Gordon v. Courtney (In Re Courtney)

351 B.R. 491, 2006 Bankr. LEXIS 3077, 2006 WL 2742301
CourtUnited States Bankruptcy Court, E.D. Tennessee
DecidedSeptember 26, 2006
DocketBankruptcy No. 05-34045, Adversary No. 05-3186
StatusPublished
Cited by8 cases

This text of 351 B.R. 491 (Gordon v. Courtney (In Re Courtney)) is published on Counsel Stack Legal Research, covering United States Bankruptcy Court, E.D. Tennessee primary law. Counsel Stack provides free access to over 12 million legal documents including statutes, case law, regulations, and constitutions.

Bluebook
Gordon v. Courtney (In Re Courtney), 351 B.R. 491, 2006 Bankr. LEXIS 3077, 2006 WL 2742301 (Tenn. 2006).

Opinion

*498 MEMORANDUM

RICHARD STAIR, JR., Bankruptcy Judge.

This adversary proceeding is before the court upon the Complaint Objecting to Discharge of the Debtor, to Determine the Dischargeability of a Debt, and for Damages (Complaint) filed by the Plaintiffs on October 27, 2005, asking the court to (1) deny the Debtor’s discharge under 11 U.S.C.A. § 727(a)(2), (3), (4)(A), (4)(D), and (5) (West 2004); (2) determine the nondis-chargeability of a debt under 11 U.S.C.A. § 523(a)(2), (4), and (6) (West 2004); (3) award compensatory damages in the amount of no less than $250,000.00 for negligence, intentional misrepresentation, fraud, outrageous conduct, deceit, conversion, breach of contract, and violations of the Tennessee Consumer Protection Act for actions with respect to a contract between the parties for the construction of a house, plus treble damages, punitive damages, and attorneys’ fees; and (4) if the Debtor is denied a discharge, allow the Plaintiffs’ attorneys’ fees as an administrative expense under 11 U.S.C.A. § 503(b)(3) and (4) (West 2004). 1

The trial of this adversary proceeding was held on August 29, 2006. 2 The record before the court consists of eight exhibits introduced into evidence, along with the testimony of three witnesses, G. Wayne Walls, the Chapter 7 Trustee, Amy Lee Courtney, and the Debtor.

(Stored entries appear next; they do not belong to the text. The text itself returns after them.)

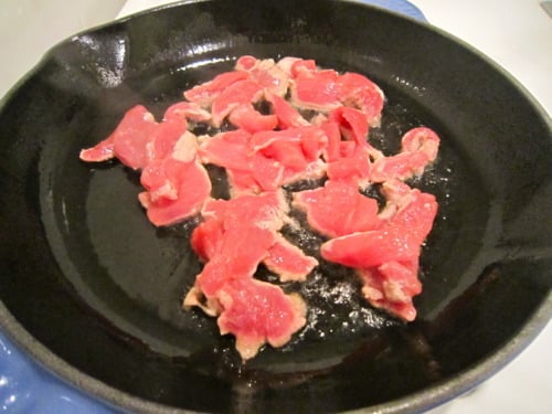 - 1 lb pork tenderloin, halved lengthwise and thinly sliced
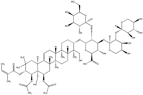 C/C=C(/C)C(=O)O[C@H]1[C@H](OC(C)=O)[C@]2(CO)[C@H](OC(C)=O)C[C@]3(C)C(=CC[C@@H]4[C@@]5(C)CC[C@H](OC6O[C@H](C(=O)O)[C@@H](O)[C@H](O[C@@H]7OC[C@H](O)[C@H](O)C7O[C@@H]7OC[C@@H](O)[C@H](O)[C@H]7O)[C@H]6O[C@@H]6O[C@H](CO)[C@H](O)[C@H](O)[C@H]6O)[C@@](C)(CO)[C@@H]5CC[C@]43C)[C@@H]2CC1(C)C |
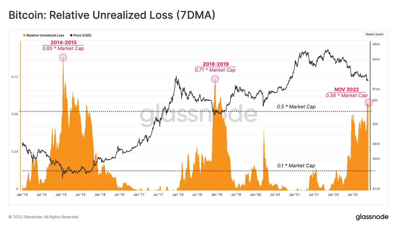 A popular crypto investing saying is “you cannot lose if you do not sell.” Unrealized losses track the entire Bitcoin market versus total market capitalization. The November 2022 56% unrealized loss is the largest in the current bear market. In 2014-2015, unrealized losses hit an all-time high for Bitcoin holders at 86%. The current unrealized losses are the fourth largest in Bitcoin’s history.
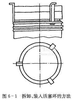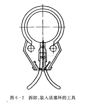 ③圖用專用工具拆卸汽環和油環,如圖6-2所示。
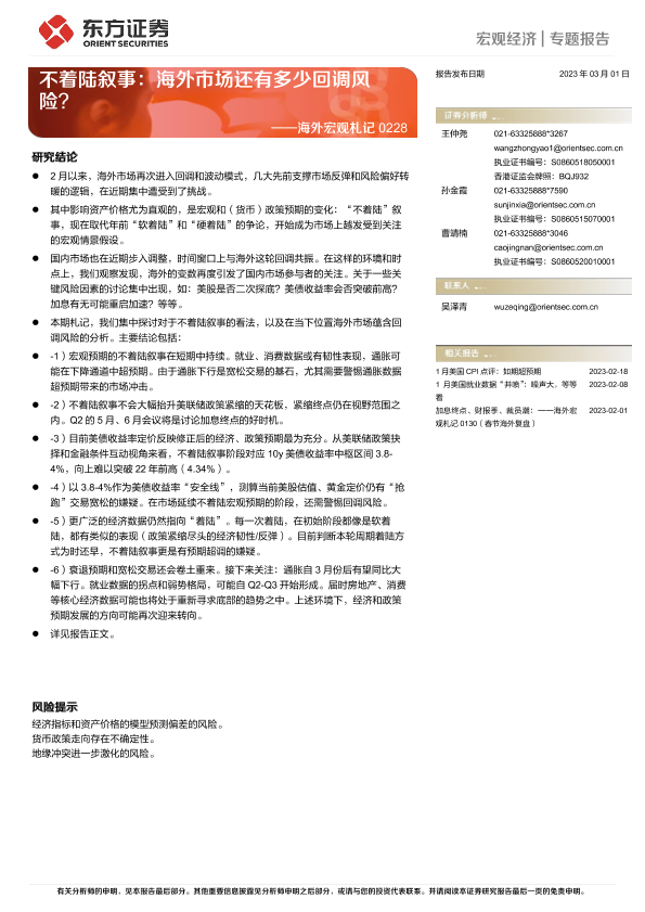 【东方证券】【20230301】不着陆叙事:海外市场还有多少回调风险?-20页
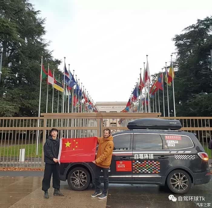 自驾环球的第152天,我们终于行车来到了日内瓦联合国万国宫,我举起五星红旗与各国国旗齐列,用实际行动向世人展示着中国制造的力量!
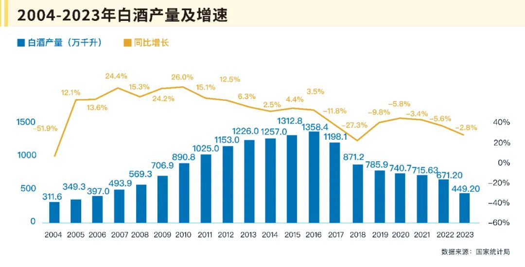 值得注意的是,國家統計局公布的數據顯示,2023年全國白酒產量449.2萬千升,較2022年的671萬千升產量減少221.8萬千升。另外,作為白酒釀造大省四川,2023年產量174.1萬千升,相比于2022年的348.05萬千升,產量下滑49.98%,達到了腰斬的地步,且全國白酒產量占比也從2022年的51.85%下滑到38.76%。
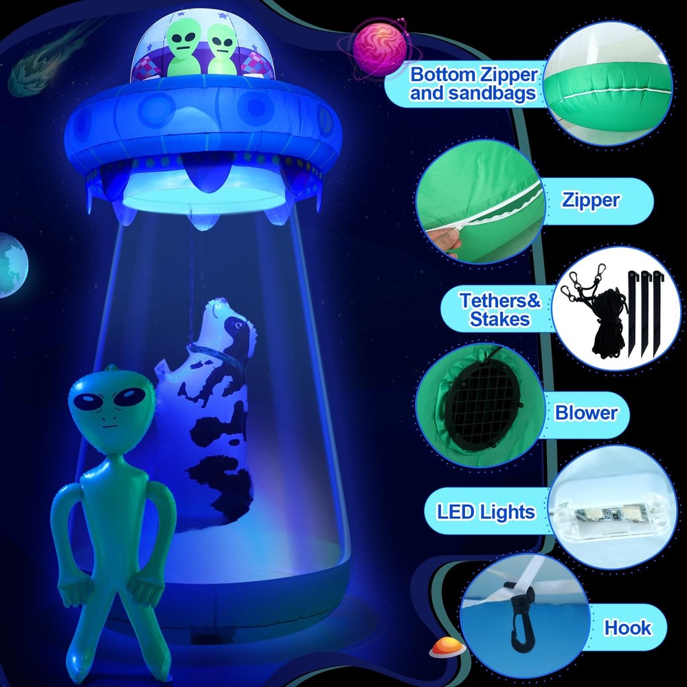 Features: It comes equipped with built in LED lights, making it visible in the dark and enhancing the eerie presence of the UFO alien, it's an ideal showpiece to amuse your Halloween party guests. Crafted from quality, reliable, and weather resistant material, this Halloween decoration is designed to withstand outdoor conditions, ensuring you can use it year after year. Specifications: Main material: waterproof material Main color: blue and green Size: UFO: about 9 ft/ 2.7 m high Alien: about 36 inches tall Cow: about 30 inches long Package includes: 1 x Inflatable UFO with LEDs 1 x Alien decor 1 x Inflatable cow decor Notes: Manual measurement, please allow slight errors on size. The color may exist a slight difference due to different screen displays. 9 Feet Tall UFO Inflatable Yard Decor Sets: three piece outdoor inflatable UFO set, including inflatable UFO, alien and cow; The oversized UFO is very decorative in the yard; The UFO has a zipper; People can enter when the zipper is opened, and then close the zipper, as if a person is trapped by the UFO; It's like it's been sucked away Extra Large Size: the entire UFO is about 9 ft/ 2.7 m high, and can accommodate an adult when unzipped; The alien is 36 inches tall, and the cow is 30 inches long; It is very eye catching and is a novelty and cool Halloween decoration Halloween UFO Yard Fun: there is a hook in the middle of the product; After the cow is inflated, attach it to the hook and enter the inflatable UFO kit; It is as if the UFO sucked you and the cow away together; 36 inch green alien inflatable toy, take you to experience the excitement of extraterrestrial life! Light up the lights at night to provide optimal appeal to neighbors and guests; Ideal for space themed Halloween parties and yard decorations Bright Built in LED Light: the entire UFO inflatable model exudes blue purple light, full of mystery and horror; The outdoor inflatable UFO is made of high strength waterproof material, which is sturdy, reliable, and reusable; In addition, this outdoor inflatable equipment is equipped with a powerful blower, which can inflate the decorations with continuous air flow; Since the inflatable product is large, it takes a while to wait for the blowing time after plugging in the power supply Ideal Decoration for Halloween: ideal for Halloween outdoor patio garden decorations, trick or treat event decorations, Halloween night events, Halloween haunted house decorations, Halloween space themed decorations, Halloween costume party decorations, stage props, birthday parties, and more

This is a core proceeding. 28 U.S.C.A. § 157(b)(2)(I) and (J) (West 1993).

I

On June 7, 2002, the Plaintiffs entered into a contract with the Debtor, doing business as Courtney Builders, for the construction of a house on the Plaintiffs’ property in Norris, Tennessee, for a purchase price of $189,762.00, to be paid in four equal installments at different stages of the construction’s progress. The Debtor received funds pursuant to the contract in multiple installments. These funds received from the Plaintiffs were co-mingled with funds for other projects. Under the terms of the parties’ contract, construction of the house was to be completed by December 3, 2002, but as of March 2003, the project was not completed, and the Plaintiffs filed suit against the Debtor in the Circuit Court for Anderson County, Tennessee.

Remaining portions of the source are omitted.